OpenOffice.org in the Limelight
OpenOffice.org is a great set of software, consisting of several useful components that offer a lot of options. It is customizable and introduces many open formats for documents. In order to adapt the basic configurations to your particular needs, OpenOffice.org allows you to prepare macros and additional scripts.
I work as an editor at a Polish free software magazine. At the beginning of the editorial process, the author supplies the text and the editor edits it. Editing means removing common content-related and formal mistakes or errors, as well as preparing the text in a standard form to make it easier to process at further stages. The proofreader then corrects the text and the editor looks through it again and makes the final changes. Finally, the typesetter prepares the text for printing, and the editor checks the entire work one last time.

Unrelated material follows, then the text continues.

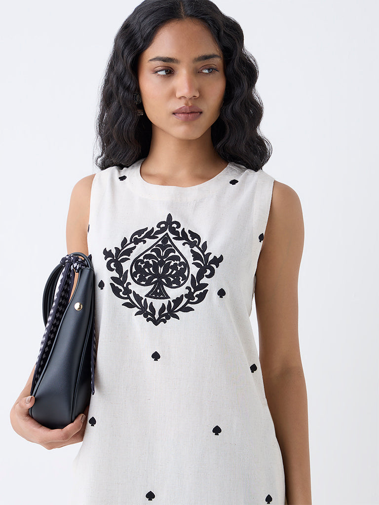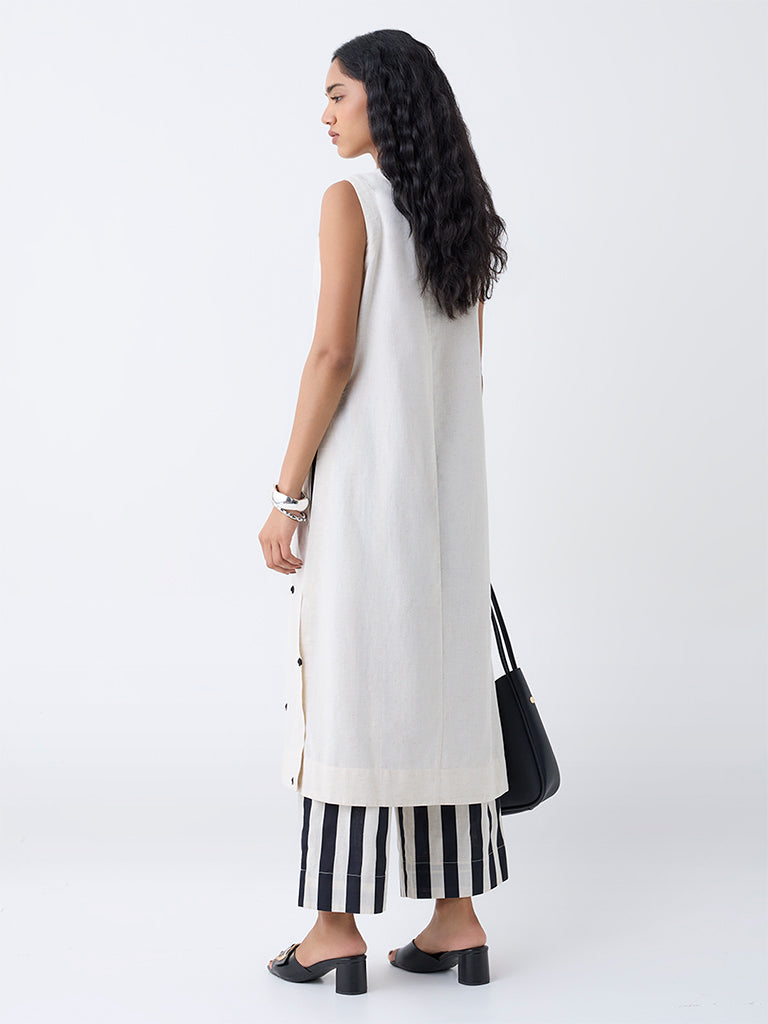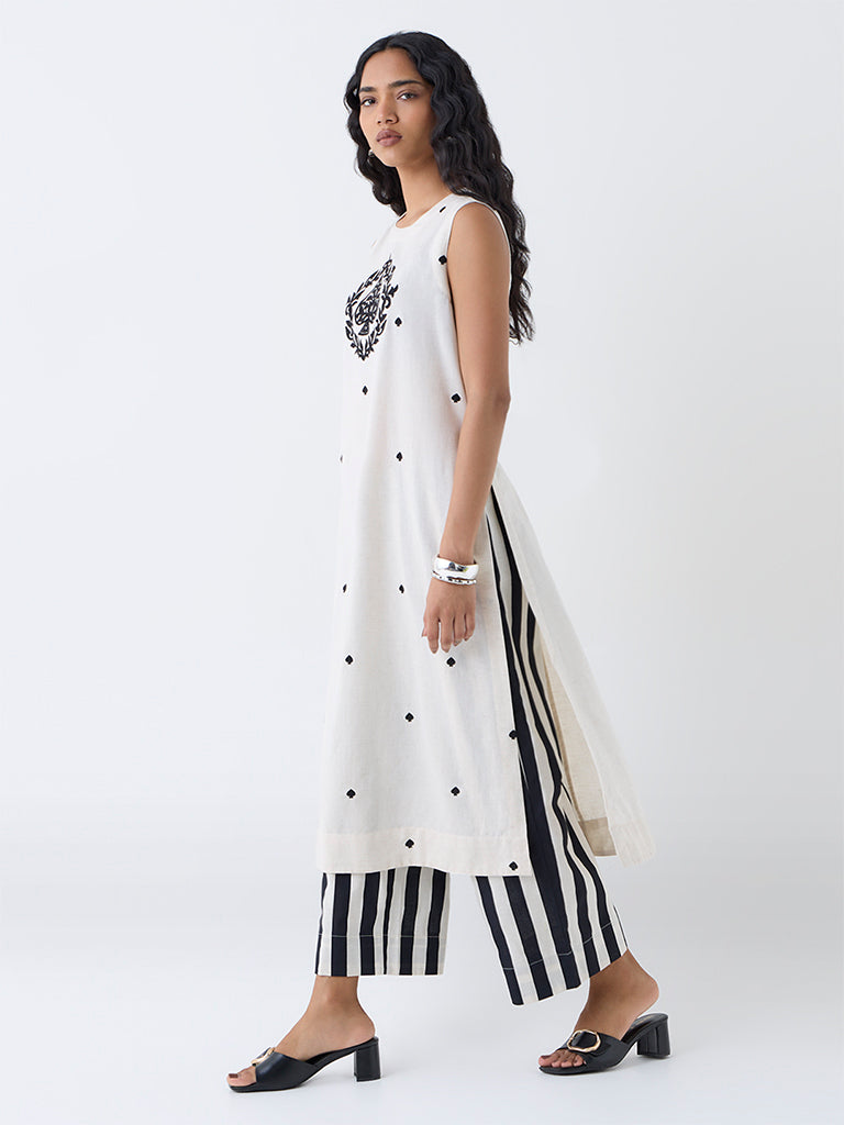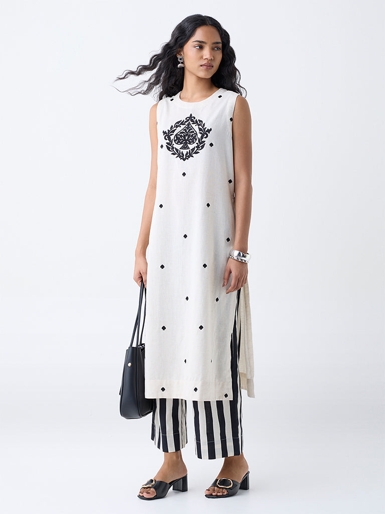 An elegant staple for everyday wear. this off-white kurta from Utsa is tailored in an A-line silhouette. The round neckline and sleeveless design keep it light and versatile. while delicate embroidery adds a refined touch. A timeless piece that pairs effortlessly with both palazzos and ethnic pants.

The processed text is in a different format at each stage of this process. Our publishing house prefers open formats for documents, so our authors deliver the documents in text or HTML formats and the graphics in PNG or EPS formats. After editing the document, the editor sends a copy to the author—that copy is in HTML. Our proofreaders work on Microsoft Windows systems and use Microsoft Word, so they need the documents to be in the .doc file format. Our typesetters work on Macintosh systems and use QuarkXPress. They need two kind of documents: Microsoft Word files for printing and checking the required formats for the article and Macintosh text files for opening the files in Quark and processing them.
When our quarterly started in autumn 2000, I was using StarOffice. Since then, I switched to OpenOffice.org. The methods to work with authors' text files are similar for StarOffice and OpenOffice.org. I import the document in text or HTML format using StarWriter (previously) or OpenOffice.org Writer (at present), and—after processing it—I export it to HTML, Microsoft Word or the corresponding SDW or SXW file formats.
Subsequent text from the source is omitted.